-- TASK TO CARRY OUT --
Reproduce the complete set of records exactly. No picture is to appear in the copy.

-- Dataset excerpts --
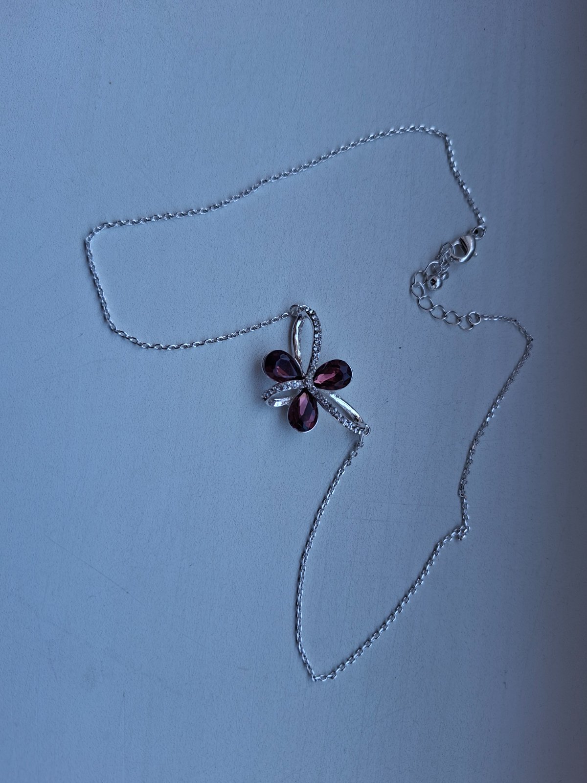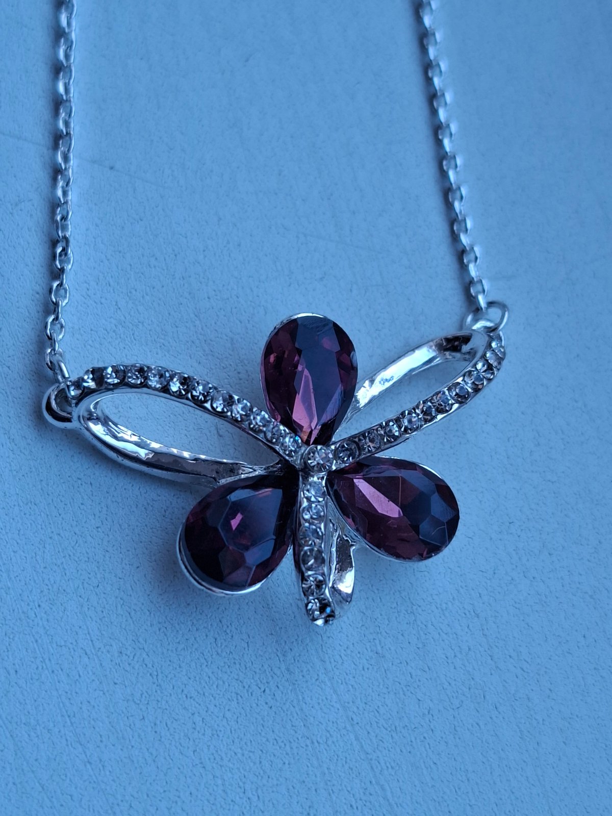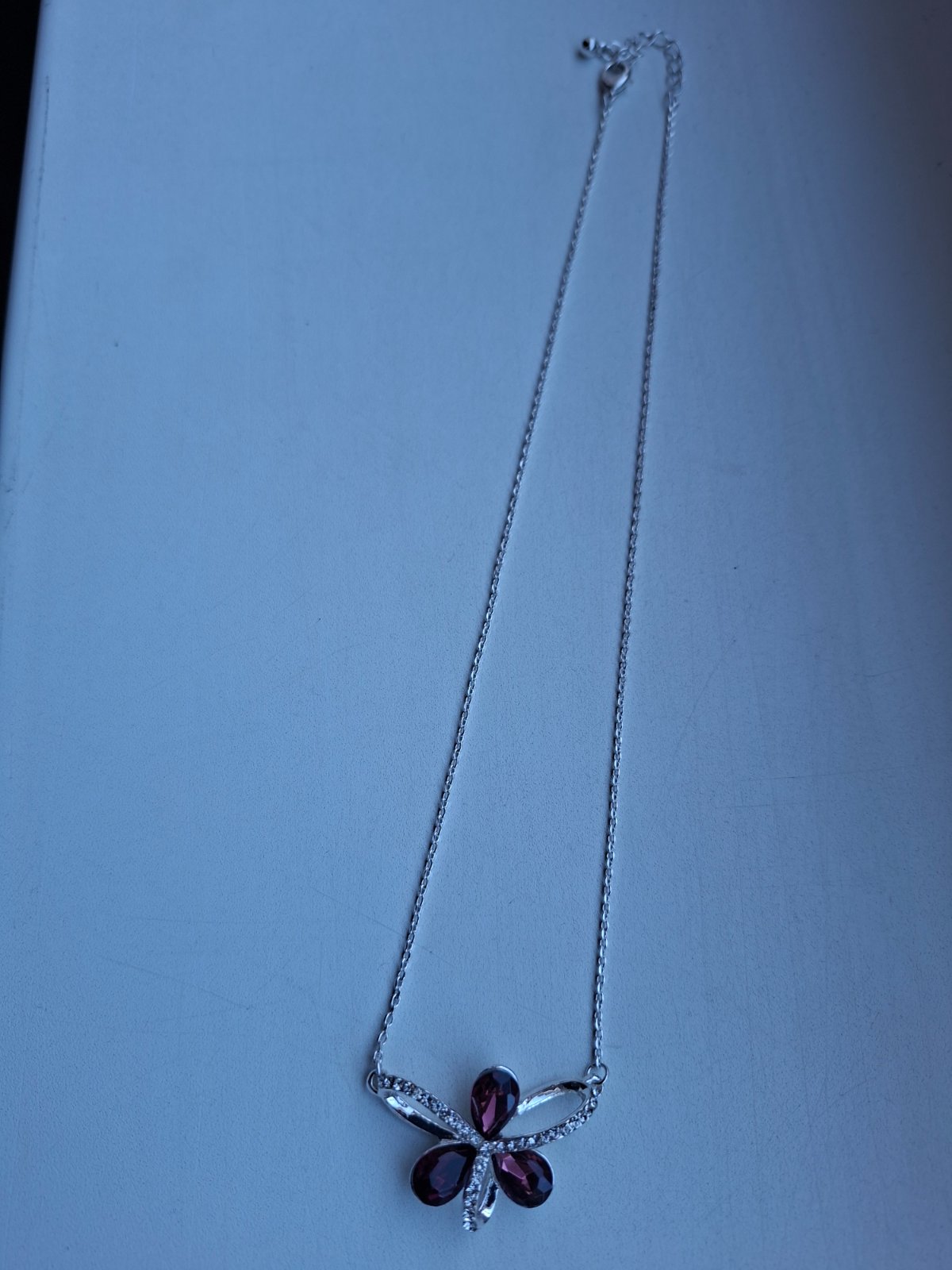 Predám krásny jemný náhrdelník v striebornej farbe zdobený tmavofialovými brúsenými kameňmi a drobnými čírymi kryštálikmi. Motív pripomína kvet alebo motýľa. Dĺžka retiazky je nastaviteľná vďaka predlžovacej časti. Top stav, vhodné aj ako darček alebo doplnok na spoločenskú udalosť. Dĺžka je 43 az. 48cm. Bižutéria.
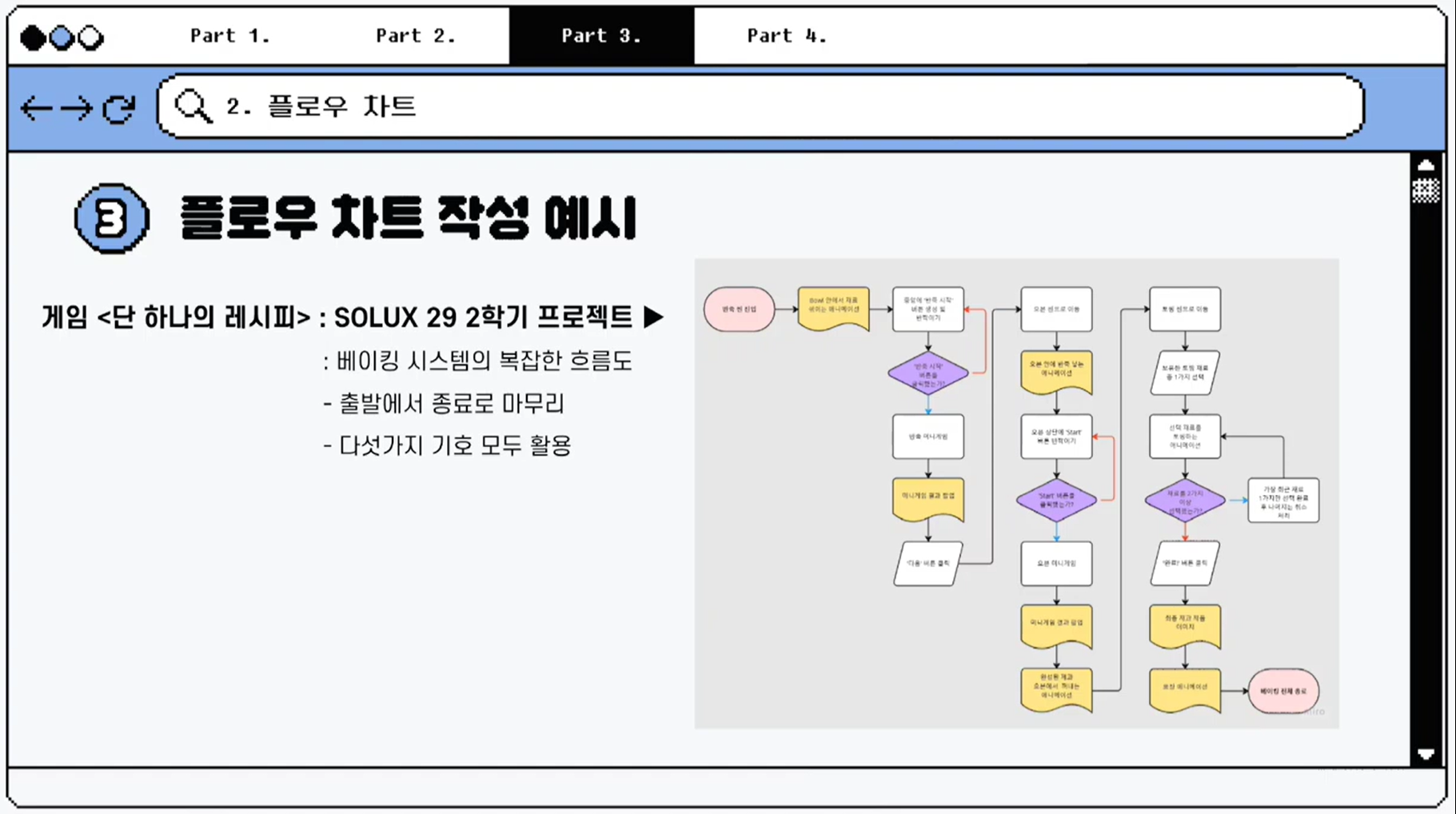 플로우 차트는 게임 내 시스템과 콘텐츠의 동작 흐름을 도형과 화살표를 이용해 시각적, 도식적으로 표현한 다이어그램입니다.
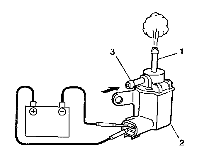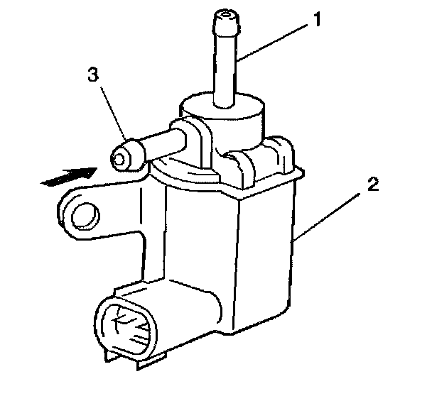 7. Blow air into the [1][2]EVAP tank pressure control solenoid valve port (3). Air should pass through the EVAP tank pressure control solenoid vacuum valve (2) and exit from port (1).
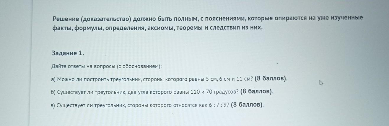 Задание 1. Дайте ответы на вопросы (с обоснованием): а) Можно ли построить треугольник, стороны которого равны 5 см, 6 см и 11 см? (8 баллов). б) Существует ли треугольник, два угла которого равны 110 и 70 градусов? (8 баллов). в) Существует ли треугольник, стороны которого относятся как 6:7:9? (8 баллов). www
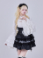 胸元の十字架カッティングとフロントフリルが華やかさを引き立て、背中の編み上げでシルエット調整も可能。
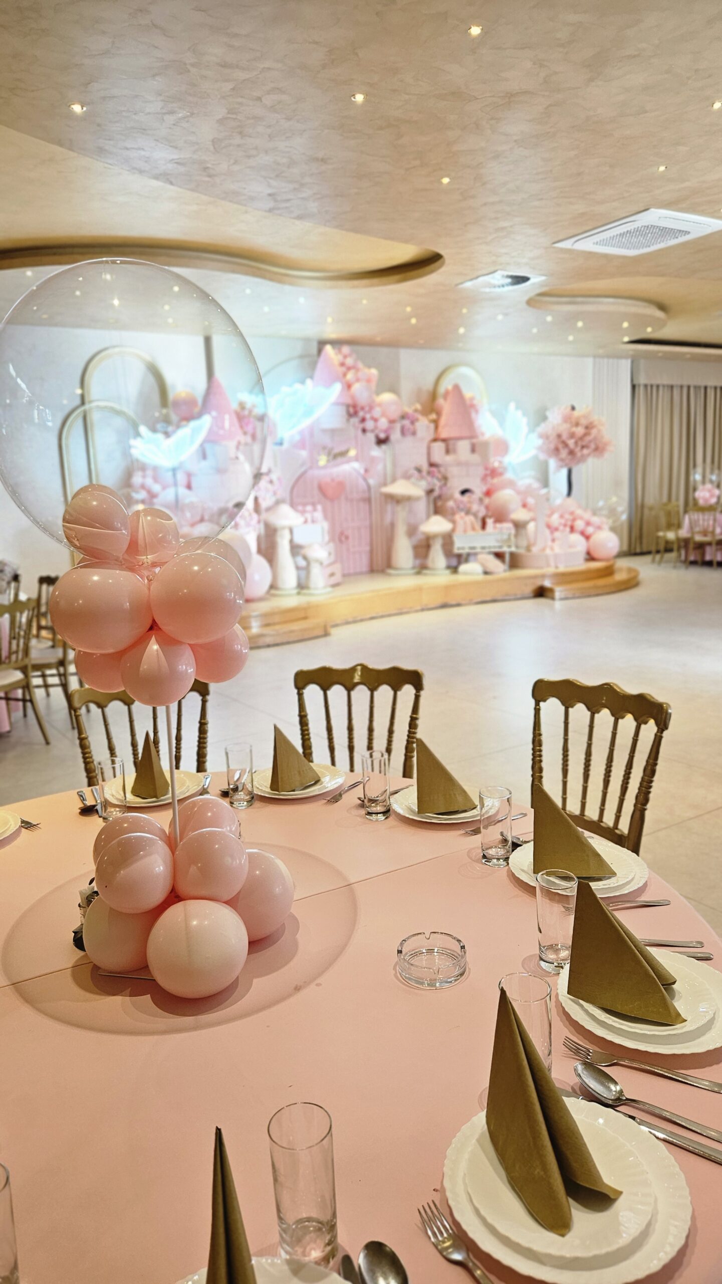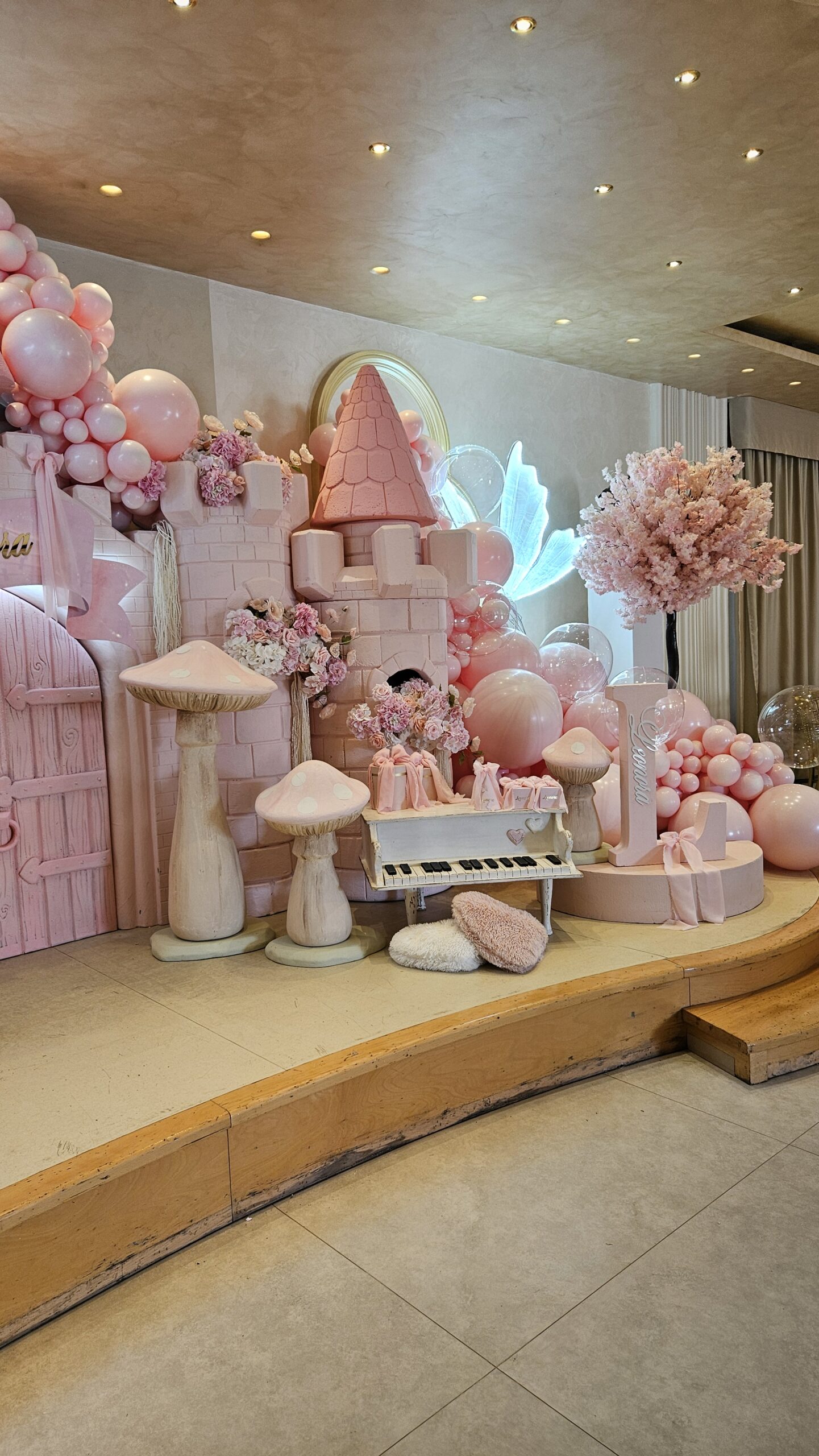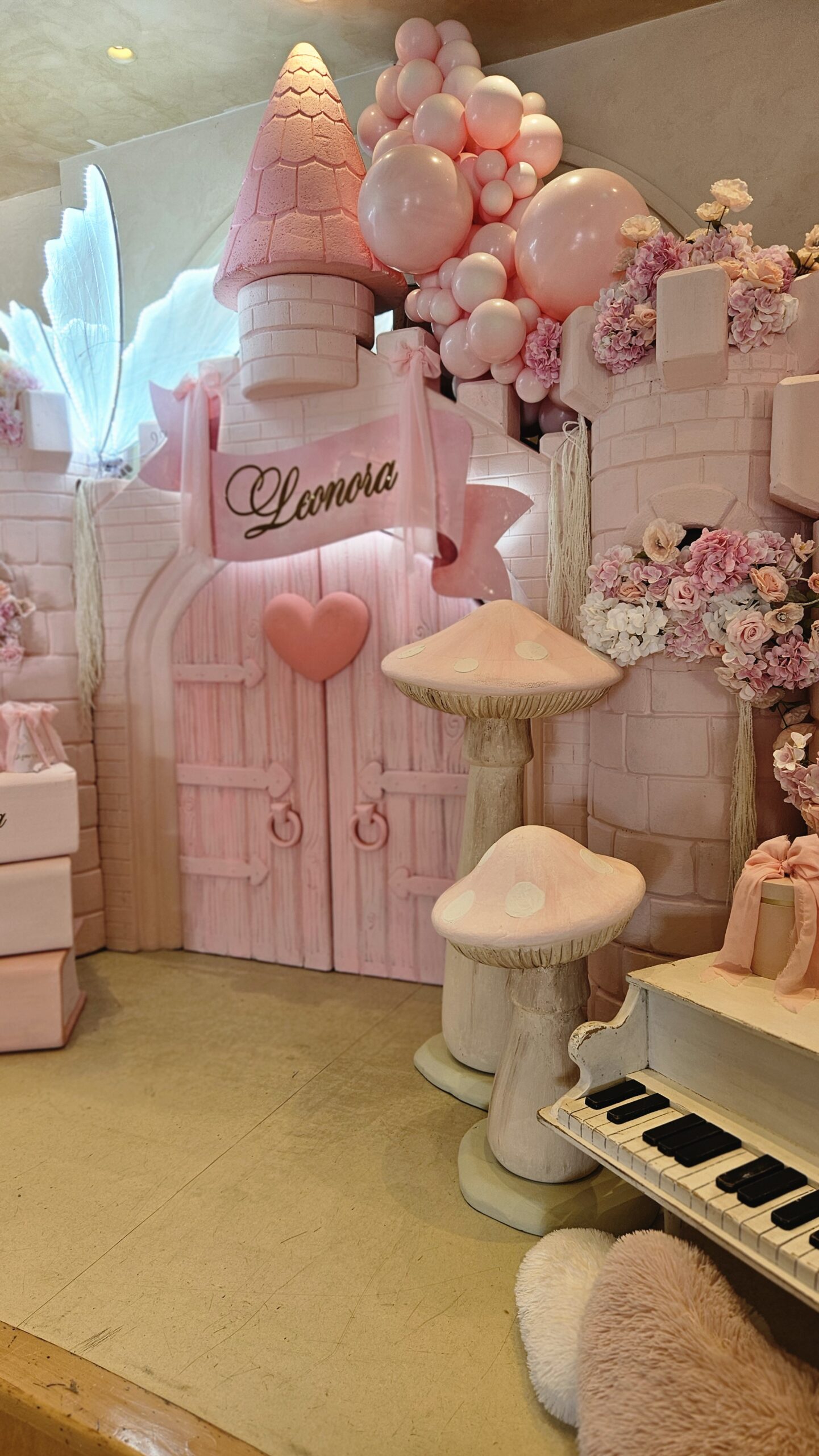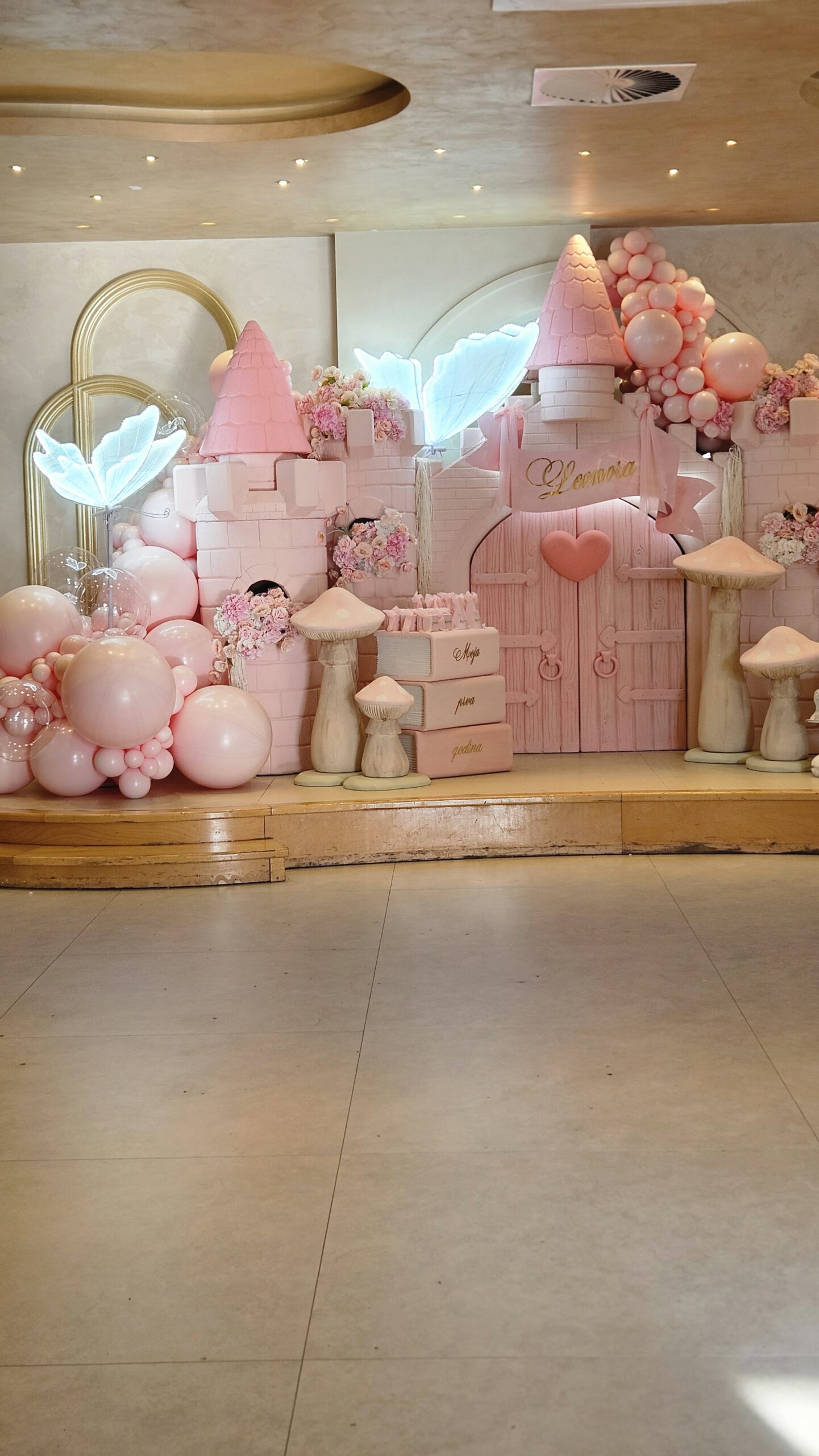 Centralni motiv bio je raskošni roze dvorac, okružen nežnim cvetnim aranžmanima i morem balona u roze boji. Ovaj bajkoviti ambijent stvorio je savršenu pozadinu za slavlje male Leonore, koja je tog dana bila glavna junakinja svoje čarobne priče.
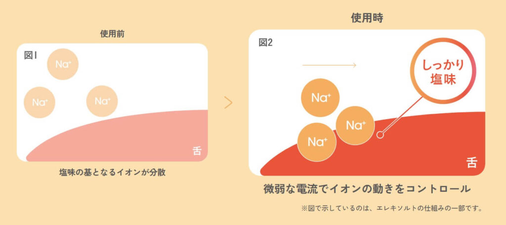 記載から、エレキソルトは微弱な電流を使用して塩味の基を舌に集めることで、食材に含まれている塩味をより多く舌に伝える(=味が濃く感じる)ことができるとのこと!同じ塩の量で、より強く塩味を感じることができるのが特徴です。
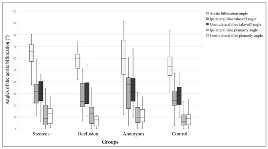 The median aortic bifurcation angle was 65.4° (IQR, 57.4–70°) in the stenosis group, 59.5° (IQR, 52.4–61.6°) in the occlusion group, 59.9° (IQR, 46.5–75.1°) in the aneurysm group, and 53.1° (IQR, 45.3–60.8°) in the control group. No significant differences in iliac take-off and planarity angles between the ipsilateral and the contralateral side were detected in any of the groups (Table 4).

-- ANSWER SPACE --
 Predám krásny jemný náhrdelník v striebornej farbe zdobený tmavofialovými brúsenými kameňmi a drobnými čírymi kryštálikmi. Motív pripomína kvet alebo motýľa. Dĺžka retiazky je nastaviteľná vďaka predlžovacej časti. Top stav, vhodné aj ako darček alebo doplnok na spoločenskú udalosť. Dĺžka je 43 az. 48cm. Bižutéria.
 플로우 차트는 게임 내 시스템과 콘텐츠의 동작 흐름을 도형과 화살표를 이용해 시각적, 도식적으로 표현한 다이어그램입니다.
 7. Blow air into the [1][2]EVAP tank pressure control solenoid valve port (3). Air should pass through the EVAP tank pressure control solenoid vacuum valve (2) and exit from port (1).
 Задание 1. Дайте ответы на вопросы (с обоснованием): а) Можно ли построить треугольник, стороны которого равны 5 см, 6 см и 11 см? (8 баллов). б) Существует ли треугольник, два угла которого равны 110 и 70 градусов? (8 баллов). в) Существует ли треугольник, стороны которого относятся как 6:7:9? (8 баллов). www
 胸元の十字架カッティングとフロントフリルが華やかさを引き立て、背中の編み上げでシルエット調整も可能。
 Centralni motiv bio je raskošni roze dvorac, okružen nežnim cvetnim aranžmanima i morem balona u roze boji. Ovaj bajkoviti ambijent stvorio je savršenu pozadinu za slavlje male Leonore, koja je tog dana bila glavna junakinja svoje čarobne priče.
 記載から、エレキソルトは微弱な電流を使用して塩味の基を舌に集めることで、食材に含まれている塩味をより多く舌に伝える(=味が濃く感じる)ことができるとのこと!同じ塩の量で、より強く塩味を感じることができるのが特徴です。
 The median aortic bifurcation angle was 65.4° (IQR, 57.4–70°) in the stenosis group, 59.5° (IQR, 52.4–61.6°) in the occlusion group, 59.9° (IQR, 46.5–75.1°) in the aneurysm group, and 53.1° (IQR, 45.3–60.8°) in the control group. No significant differences in iliac take-off and planarity angles between the ipsilateral and the contralateral side were detected in any of the groups (Table 4).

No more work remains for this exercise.